Congratulations, you just re-invented redlining [wikipedia.org]...
Anyone who thinks that these tools are created for good is almost certainly deluding themselves and those they talk to... out of ignorance, or out of malevolence.
(Score: 2, Insightful) by Undefined on Saturday February 01, @03:10PM
I wish everyone would start their learning curve with LLMs by asking these applications a decently long series of questions in a field for which (a) they have actual expertise in, and (b) already know the answers.

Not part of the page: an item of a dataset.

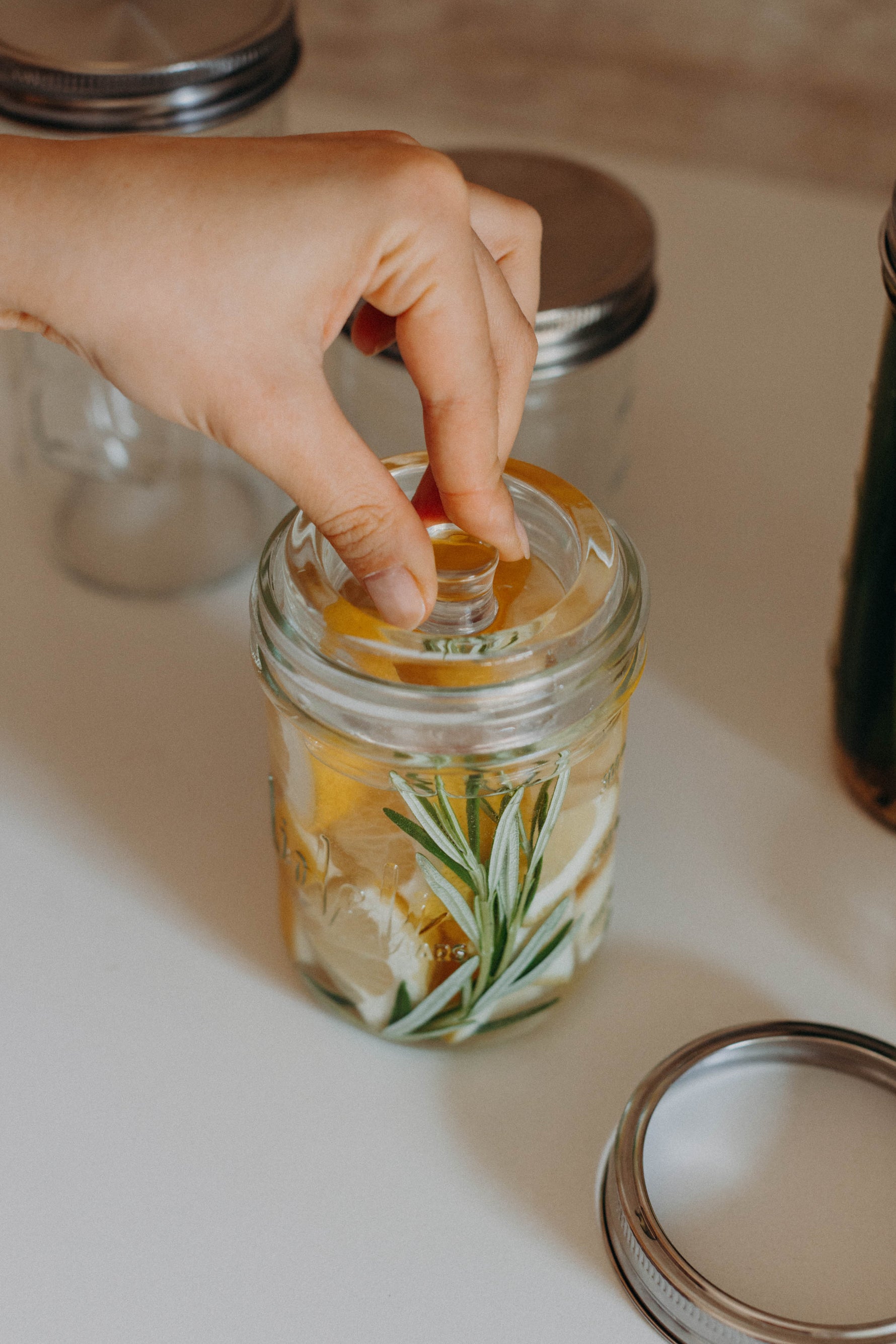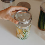 3. Abfüllen: In die Mason Jars schichten und mit den Glasgewichten beschweren.

That should fairly quickly disabuse them of any notion that these things are intelligent.
(Score: 3, Insightful) by Ox0000 on Friday January 31, @04:41PM (1 child)
This 'last exam' is a load of absolute nonsense...
What is this actually benchmarking against? A single human? All of humanity at the same time?
Against a human that is that world-class expert? Against all of humanity which contains those world-class experts? Or against Cletus who delights in watching Temptation Island [wikipedia.org]?
Secondly, what capacity is it benchmarking? An ability to pull up info? An ability to teach? An ability to comprehend?
Given their bugginess, they aren't fit for purpose for the latter to and only questionably so for the former.
This is such nonsense...
(*) LLMs and other generative AI's don't "hallucinate", the correct terminology is: "It is buggy", "It doesn't work", "It deceives those who interact with them".
(Score: 2) by JoeMerchant on Friday January 31, @10:54PM
It sounds like they're trying to do the Deep Blue chess match vs the current Grand Masters, but of everything instead of just chess.
The 10% score is interesting, I wonder how well the correct answers correlate with fields that mostly publish a bunch of hot air nonsense?
🌻🌻🌻 [google.com]
(Score: 3, Informative) by ikanreed on Friday January 31, @04:50PM
It ceases to be a good metric.
There's absolutely nothing that keeps AI developers from targeting the exam itself.